» Task goal:
The listing below should be printed exactly, every line of it. Skip the pictures.

» Extracted information:
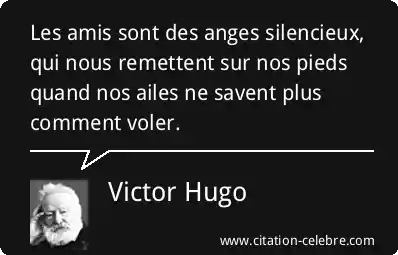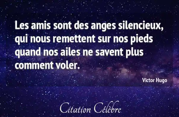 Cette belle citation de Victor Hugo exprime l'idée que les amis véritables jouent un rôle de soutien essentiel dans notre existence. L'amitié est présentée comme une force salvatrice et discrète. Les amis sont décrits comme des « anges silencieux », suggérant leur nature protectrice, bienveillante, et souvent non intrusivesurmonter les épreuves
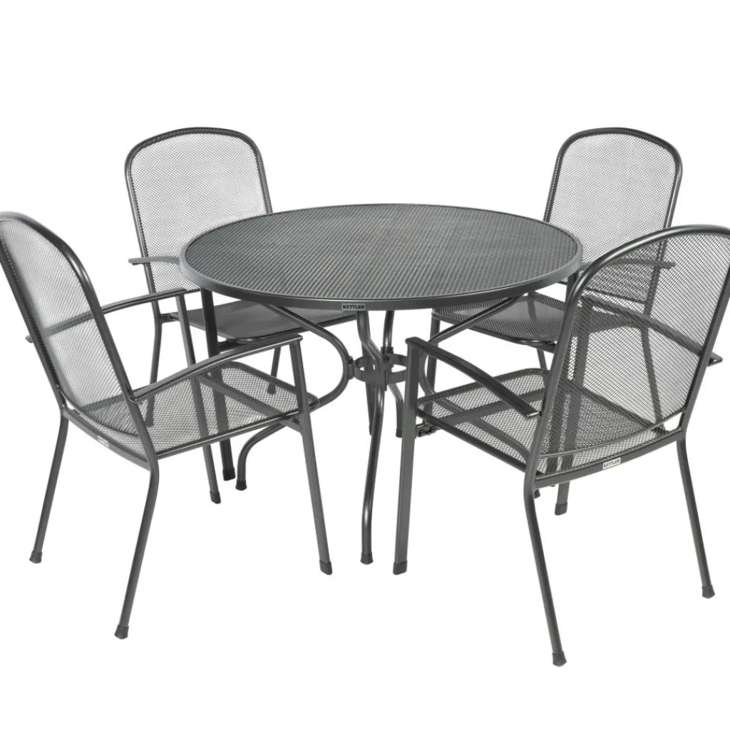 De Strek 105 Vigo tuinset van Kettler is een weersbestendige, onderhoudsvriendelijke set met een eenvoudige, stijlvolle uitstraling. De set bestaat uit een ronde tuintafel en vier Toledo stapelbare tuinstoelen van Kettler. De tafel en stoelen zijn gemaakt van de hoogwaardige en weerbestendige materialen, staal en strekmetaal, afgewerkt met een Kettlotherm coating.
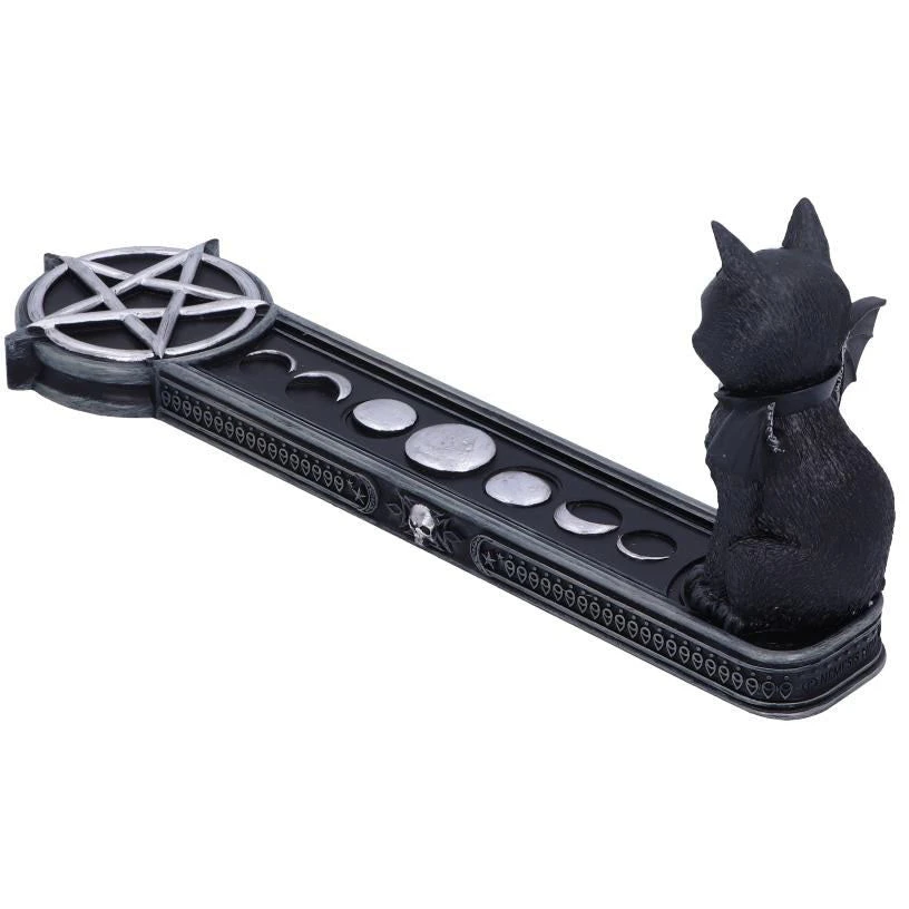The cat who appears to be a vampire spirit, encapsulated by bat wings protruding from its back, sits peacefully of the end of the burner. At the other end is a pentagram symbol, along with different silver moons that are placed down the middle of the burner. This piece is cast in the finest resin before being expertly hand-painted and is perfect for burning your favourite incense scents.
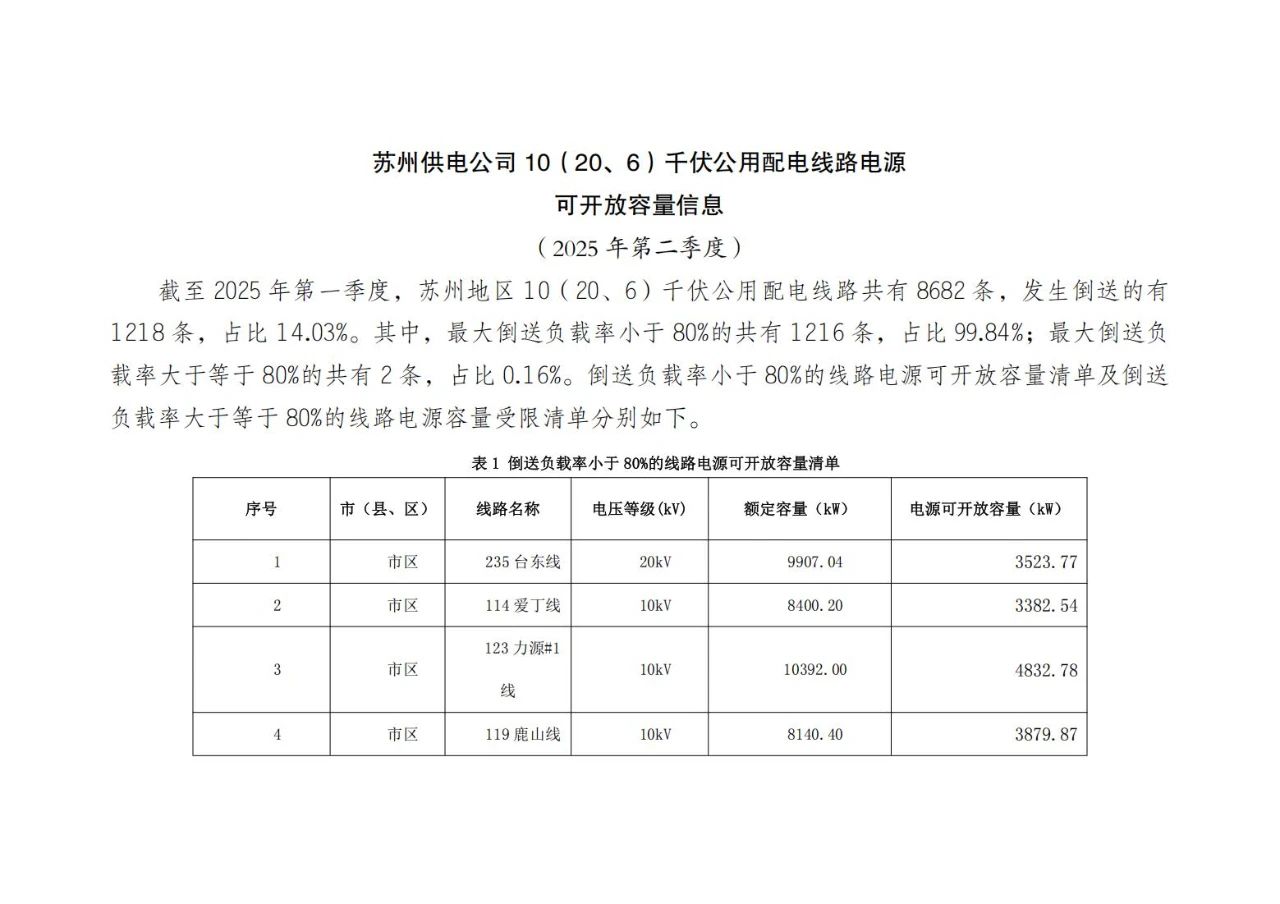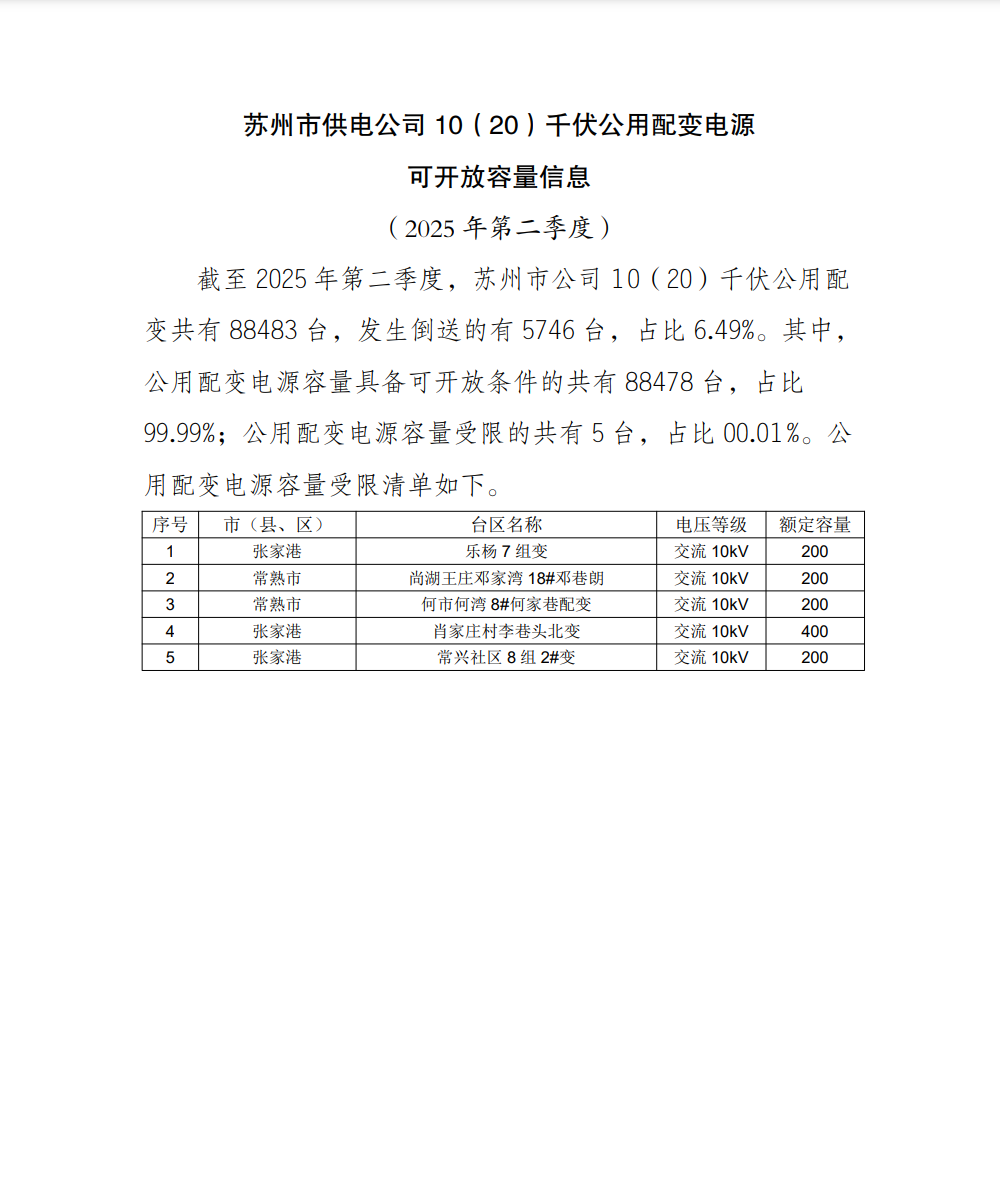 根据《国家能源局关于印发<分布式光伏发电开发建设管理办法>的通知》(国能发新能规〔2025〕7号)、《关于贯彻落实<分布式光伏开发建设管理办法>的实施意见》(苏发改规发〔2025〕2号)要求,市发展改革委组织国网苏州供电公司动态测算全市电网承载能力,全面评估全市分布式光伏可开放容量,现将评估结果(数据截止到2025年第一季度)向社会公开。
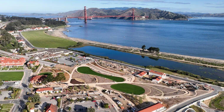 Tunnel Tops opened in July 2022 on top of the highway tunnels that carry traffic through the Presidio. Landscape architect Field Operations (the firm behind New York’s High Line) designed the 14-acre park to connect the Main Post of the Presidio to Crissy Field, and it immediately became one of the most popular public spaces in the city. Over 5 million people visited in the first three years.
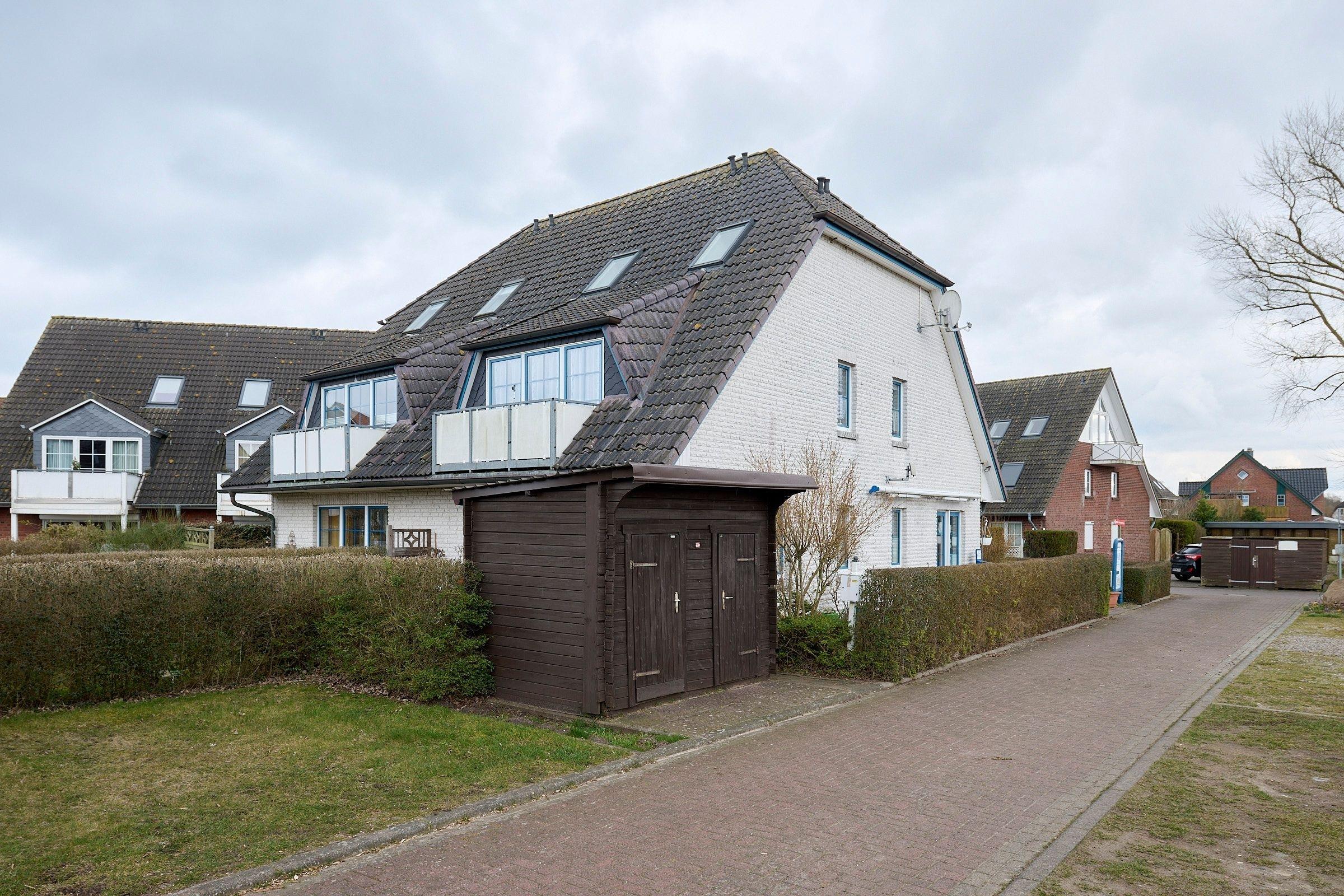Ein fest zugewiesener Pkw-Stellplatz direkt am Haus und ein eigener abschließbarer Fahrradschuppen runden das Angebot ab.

» Exercise answer:
 Cette belle citation de Victor Hugo exprime l'idée que les amis véritables jouent un rôle de soutien essentiel dans notre existence. L'amitié est présentée comme une force salvatrice et discrète. Les amis sont décrits comme des « anges silencieux », suggérant leur nature protectrice, bienveillante, et souvent non intrusivesurmonter les épreuves
 De Strek 105 Vigo tuinset van Kettler is een weersbestendige, onderhoudsvriendelijke set met een eenvoudige, stijlvolle uitstraling. De set bestaat uit een ronde tuintafel en vier Toledo stapelbare tuinstoelen van Kettler. De tafel en stoelen zijn gemaakt van de hoogwaardige en weerbestendige materialen, staal en strekmetaal, afgewerkt met een Kettlotherm coating.
The cat who appears to be a vampire spirit, encapsulated by bat wings protruding from its back, sits peacefully of the end of the burner. At the other end is a pentagram symbol, along with different silver moons that are placed down the middle of the burner. This piece is cast in the finest resin before being expertly hand-painted and is perfect for burning your favourite incense scents.
 根据《国家能源局关于印发<分布式光伏发电开发建设管理办法>的通知》(国能发新能规〔2025〕7号)、《关于贯彻落实<分布式光伏开发建设管理办法>的实施意见》(苏发改规发〔2025〕2号)要求,市发展改革委组织国网苏州供电公司动态测算全市电网承载能力,全面评估全市分布式光伏可开放容量,现将评估结果(数据截止到2025年第一季度)向社会公开。
 Tunnel Tops opened in July 2022 on top of the highway tunnels that carry traffic through the Presidio. Landscape architect Field Operations (the firm behind New York’s High Line) designed the 14-acre park to connect the Main Post of the Presidio to Crissy Field, and it immediately became one of the most popular public spaces in the city. Over 5 million people visited in the first three years.
Ein fest zugewiesener Pkw-Stellplatz direkt am Haus und ein eigener abschließbarer Fahrradschuppen runden das Angebot ab.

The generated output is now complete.